Provided records =

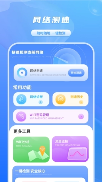 网速检测君是一款特色鲜明的手机WIFI网络管理工具,免费提供全面的网络测速与安全防护服务。它不仅拥有精准的测速能力,让您实时掌握网络速率,还能借助智能连接匹配,保障您接入的WIFI信号稳定且快速。此外,网速检测君具备安全检测功能,为您的网络安全提供有力保障。摆脱网络不稳定和安全隐患的困扰,畅享流畅的上网体验。现在就使用网速检测君,让网络管理变得更便捷、更放心。
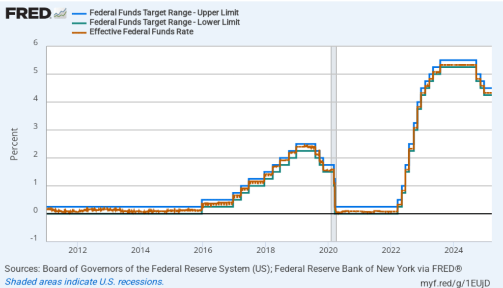 - The committee’s forecast of the federal funds rate at the end of 2025 was unchanged at 3.9 percent. The federal funds rate today is 4.33 percent, which indicates that committee members expect to make two 0.25 percentage point (25 basis points) cuts in their target for the federal funds rate this year. Investors are similarly forecasting two 25 basis point cuts.
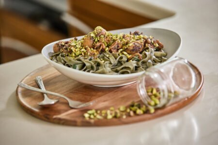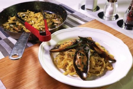 Σουπιές στην κατσαρόλα με chutney χρυσόμηλου & ταλιατέλες με μελανι & χαλεπιανά
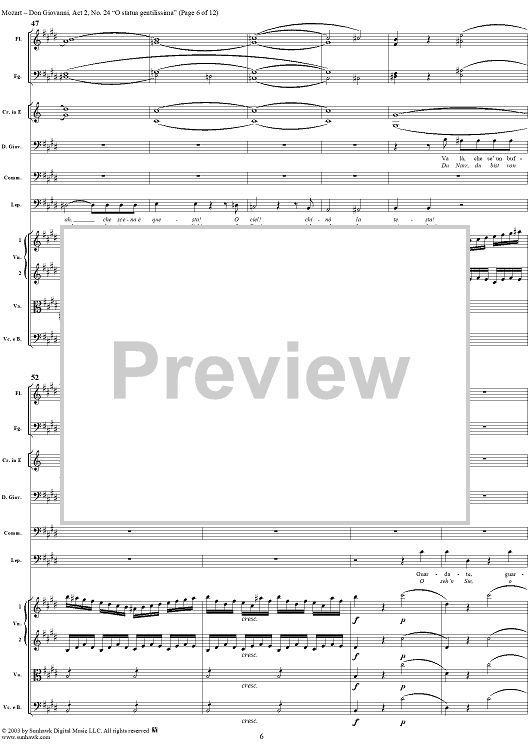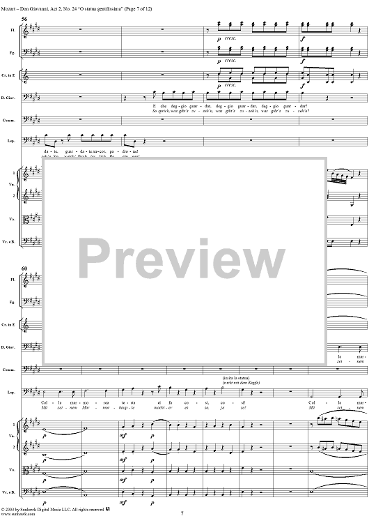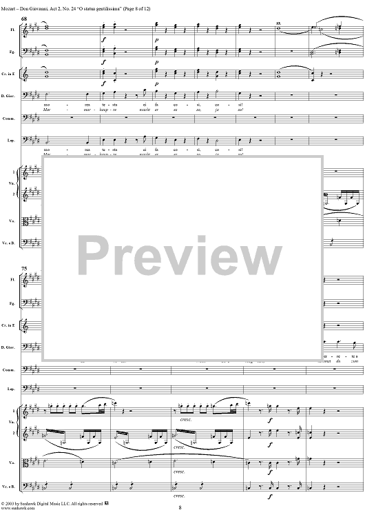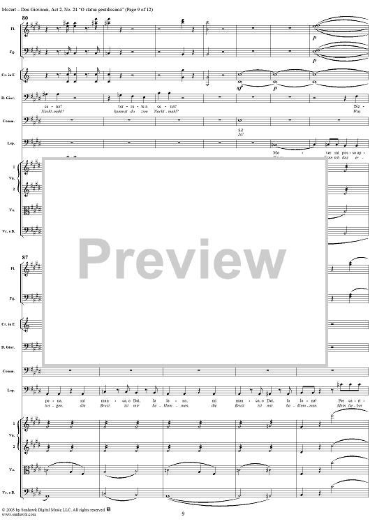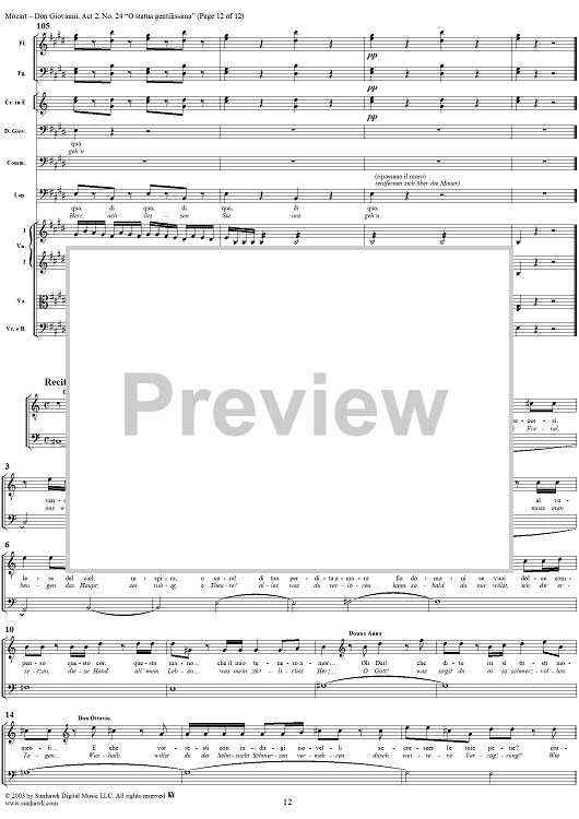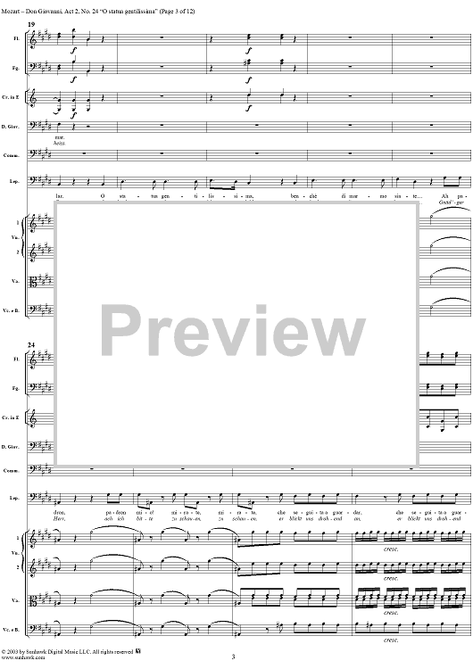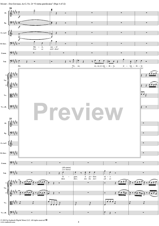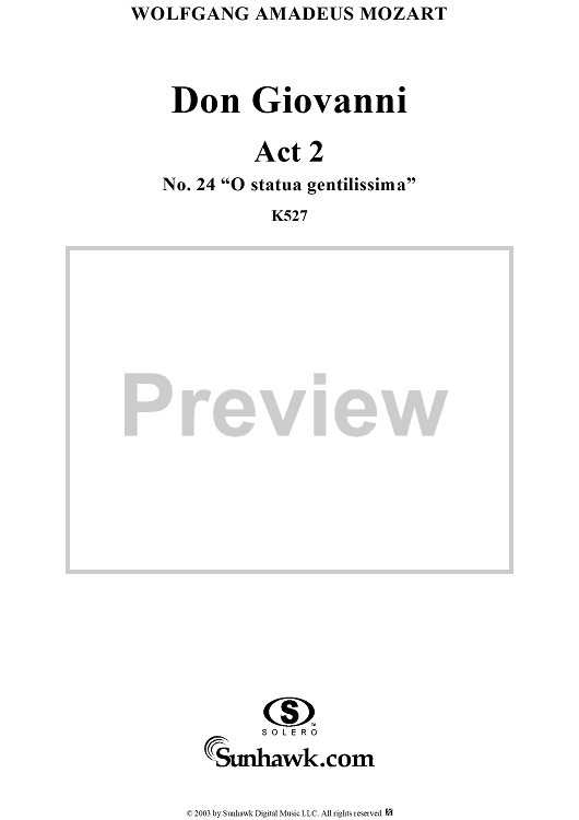 Digital Sheet Music for "O statua gentilissima", No. 24 from "Don Giovanni", Act 2, K527 - Full Score by Wolfgang Amadeus Mozart scored for Voice and Orchestra; id:291934
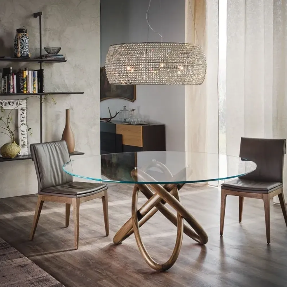 - Materiale piano in vetro: il piano del tavolo Carioca è realizzato in vetro, che conferisce un tocco di eleganza e modernità all’ambiente.
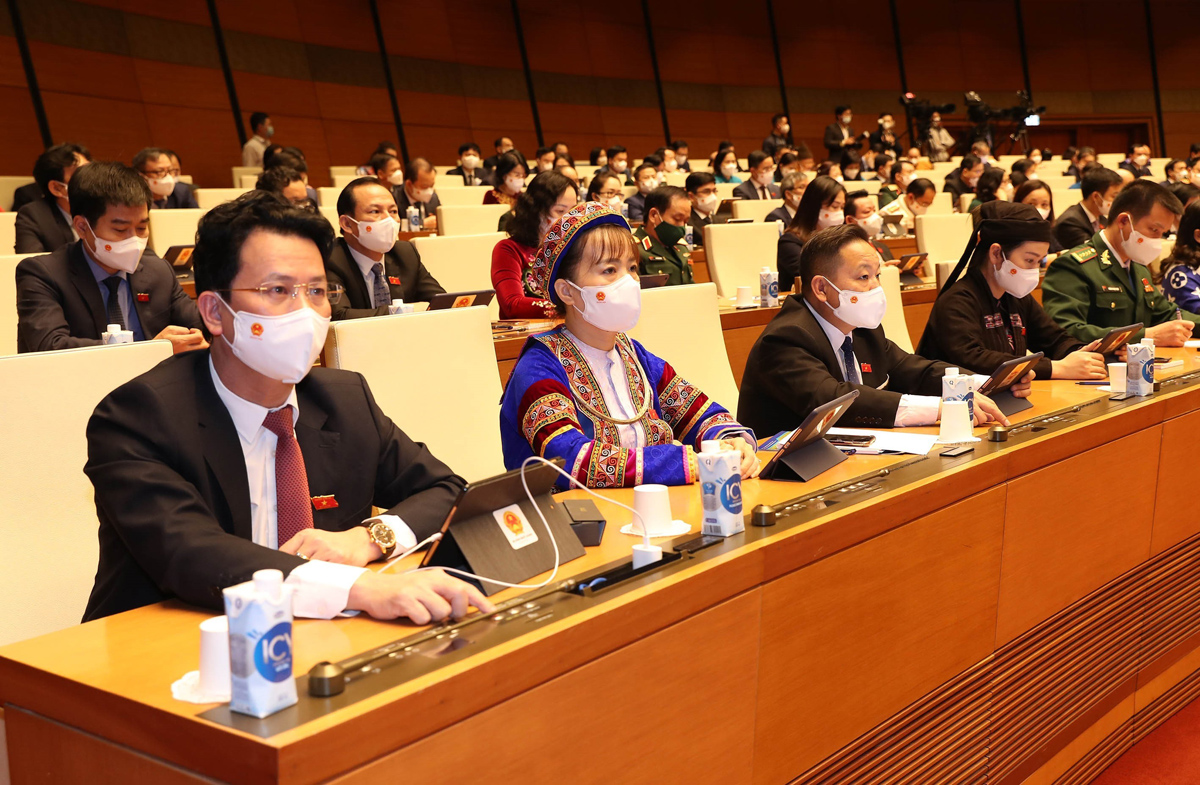 Các đại biểu Quốc hội biểu quyết thông qua luật tại Kỳ họp thứ hai, Quốc hội khoá XV_Ảnh: TTXVN
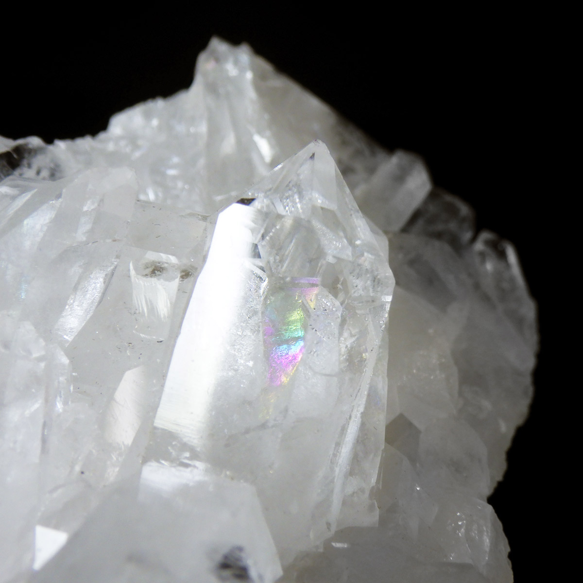 非常に透明度の高い大小様々な結晶が複雑に絡み合い、見る角度によって様々な表情を見せる大変美しいクラスターです。
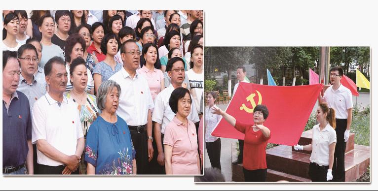 面对庄严肃穆的党旗,全体党员齐声高唱“没有共产党就没有新中国。”是啊,中国共产党领导中国走向了光明,改善了人民的生活。这次活动提振了全体党员干部的精神,凝聚了心力。
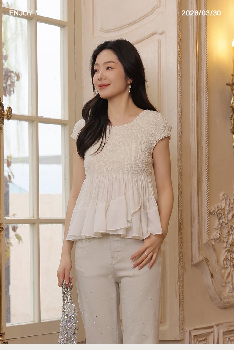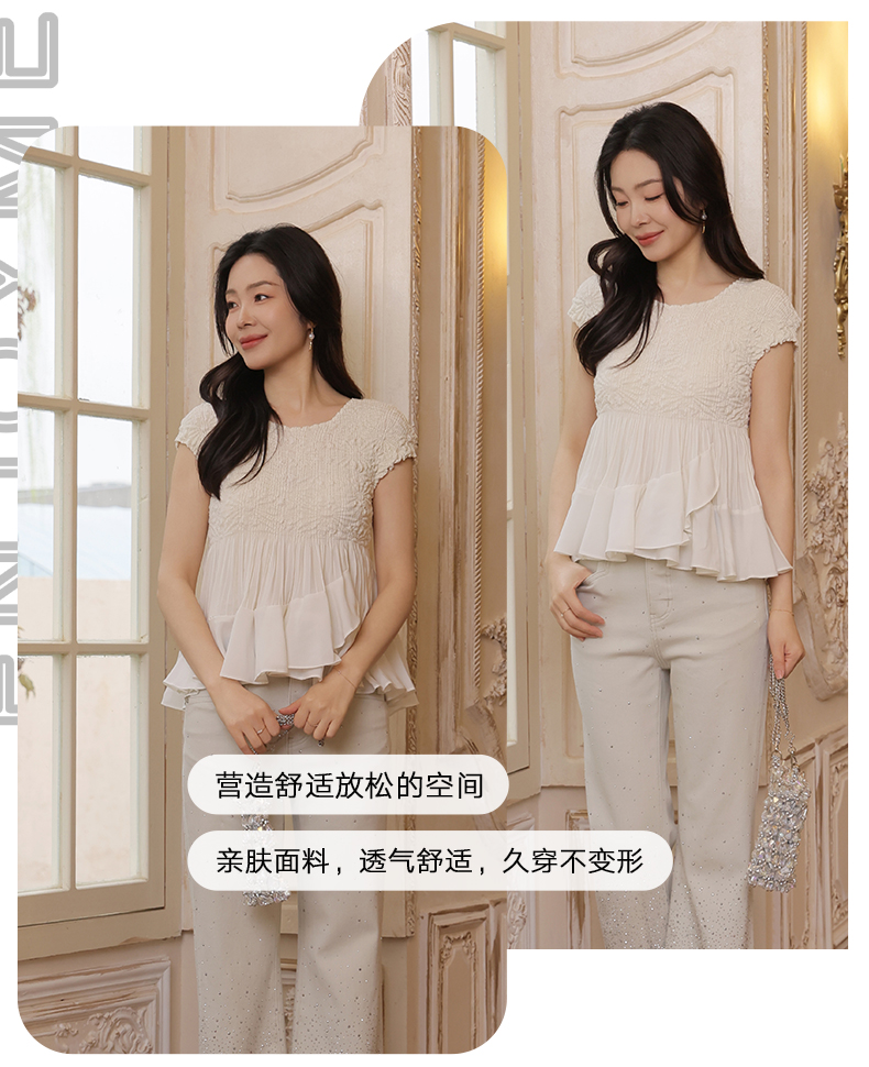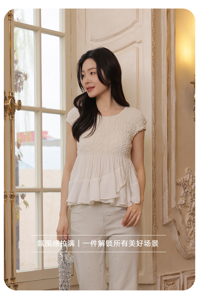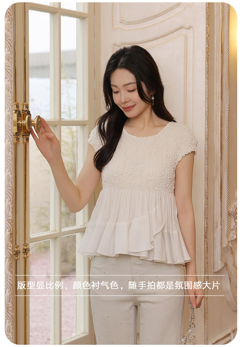 【门店同款】ENJOY夏季三宅褶皱燕尾摆上衣 170793251
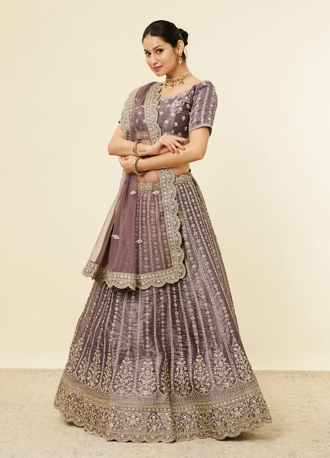- DescriptionFeaturing a kali cut skirt, this purple lehenga is adorned with exquisite floral aari embroidery and stone embellishments. The ensemble is completed with a matching embroidered blouse and net dupatta with embroidered borders, creating a cohesive and elegant look. Pair with antique finish gold jewellery to complement the embroidery. Ideal for evening celebrations, this lehenga combines traditional elegance with a touch of modern flair.
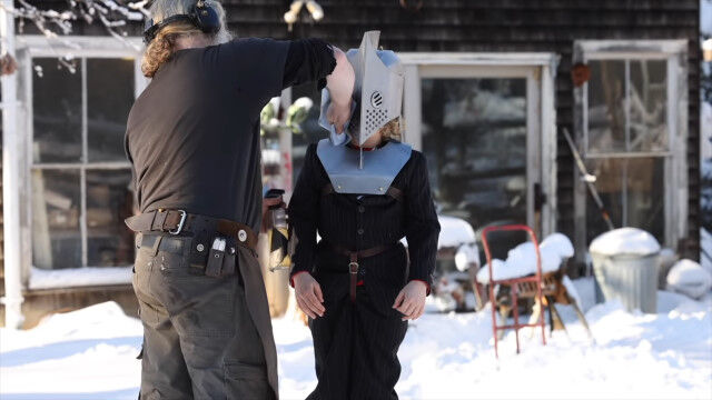 #頭突きが斬撃になる、顔面に斧を装着した兜
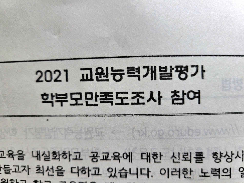 연말이 가까워 오면서 교원능력개발평가 시즌이 돌아왔네요. 코로나로 인해 학교생활이 제한적이였지만 교사의 자기개발 및 전문성 향상을 지원하고 학교 교육력을 높이기 위해 실시하는 만큼 학교로 자녀를 둔 학부모라면 꼭 참여하는게 좋겠지요.
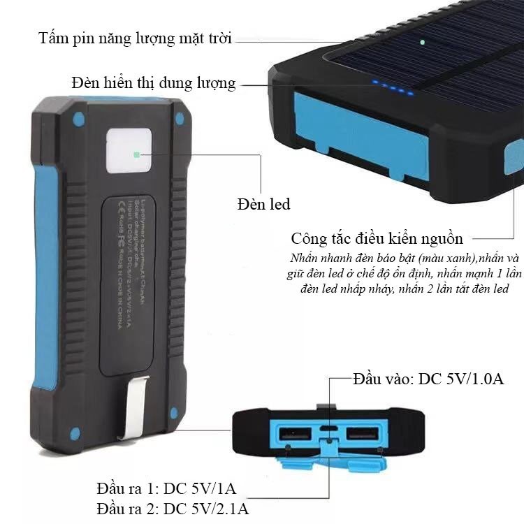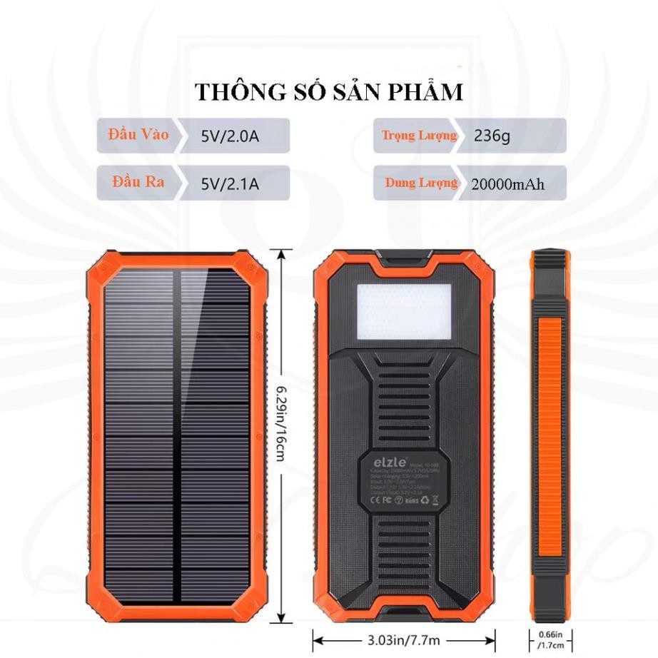 1. Công suất thiết kế 20000mAh, (chia 2 cổng), có thể nạp năng lượng dưới ánh sáng mặt trời.
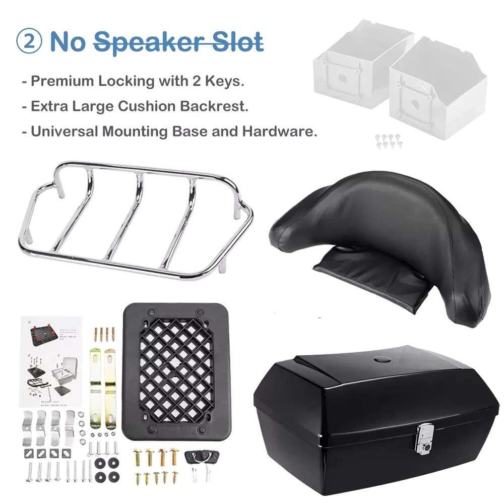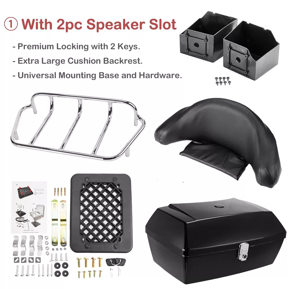 What sets this trunk apart is its blend of functionality and style. The sleek gloss black finish complements any motorcycle, and the additional LED feature not only looks great but also enhances safety. The choice between a model with speaker slots and one without allows for customization based on your preferences. This trunk isn’t just a storage solution; it’s an upgrade to your motorcycle’s functionality and aesthetics.
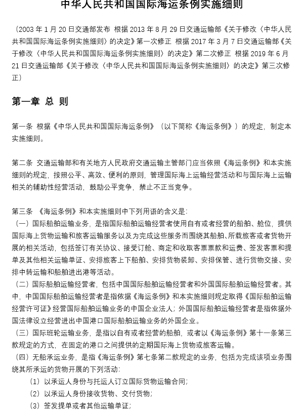 中華人民共和國國際海運(yùn)條例實施細(xì)則

Exercise brief =
Would you retype every record above exactly, leaving out the pictures?

Final answer =
 网速检测君是一款特色鲜明的手机WIFI网络管理工具,免费提供全面的网络测速与安全防护服务。它不仅拥有精准的测速能力,让您实时掌握网络速率,还能借助智能连接匹配,保障您接入的WIFI信号稳定且快速。此外,网速检测君具备安全检测功能,为您的网络安全提供有力保障。摆脱网络不稳定和安全隐患的困扰,畅享流畅的上网体验。现在就使用网速检测君,让网络管理变得更便捷、更放心。
 - The committee’s forecast of the federal funds rate at the end of 2025 was unchanged at 3.9 percent. The federal funds rate today is 4.33 percent, which indicates that committee members expect to make two 0.25 percentage point (25 basis points) cuts in their target for the federal funds rate this year. Investors are similarly forecasting two 25 basis point cuts.
 Σουπιές στην κατσαρόλα με chutney χρυσόμηλου & ταλιατέλες με μελανι & χαλεπιανά
 Digital Sheet Music for "O statua gentilissima", No. 24 from "Don Giovanni", Act 2, K527 - Full Score by Wolfgang Amadeus Mozart scored for Voice and Orchestra; id:291934
 - Materiale piano in vetro: il piano del tavolo Carioca è realizzato in vetro, che conferisce un tocco di eleganza e modernità all’ambiente.
 Các đại biểu Quốc hội biểu quyết thông qua luật tại Kỳ họp thứ hai, Quốc hội khoá XV_Ảnh: TTXVN
 非常に透明度の高い大小様々な結晶が複雑に絡み合い、見る角度によって様々な表情を見せる大変美しいクラスターです。
 面对庄严肃穆的党旗,全体党员齐声高唱“没有共产党就没有新中国。”是啊,中国共产党领导中国走向了光明,改善了人民的生活。这次活动提振了全体党员干部的精神,凝聚了心力。
 【门店同款】ENJOY夏季三宅褶皱燕尾摆上衣 170793251
- DescriptionFeaturing a kali cut skirt, this purple lehenga is adorned with exquisite floral aari embroidery and stone embellishments. The ensemble is completed with a matching embroidered blouse and net dupatta with embroidered borders, creating a cohesive and elegant look. Pair with antique finish gold jewellery to complement the embroidery. Ideal for evening celebrations, this lehenga combines traditional elegance with a touch of modern flair.
 #頭突きが斬撃になる、顔面に斧を装着した兜
 연말이 가까워 오면서 교원능력개발평가 시즌이 돌아왔네요. 코로나로 인해 학교생활이 제한적이였지만 교사의 자기개발 및 전문성 향상을 지원하고 학교 교육력을 높이기 위해 실시하는 만큼 학교로 자녀를 둔 학부모라면 꼭 참여하는게 좋겠지요.
 1. Công suất thiết kế 20000mAh, (chia 2 cổng), có thể nạp năng lượng dưới ánh sáng mặt trời.
 What sets this trunk apart is its blend of functionality and style. The sleek gloss black finish complements any motorcycle, and the additional LED feature not only looks great but also enhances safety. The choice between a model with speaker slots and one without allows for customization based on your preferences. This trunk isn’t just a storage solution; it’s an upgrade to your motorcycle’s functionality and aesthetics.
 中華人民共和國國際海運(yùn)條例實施細(xì)則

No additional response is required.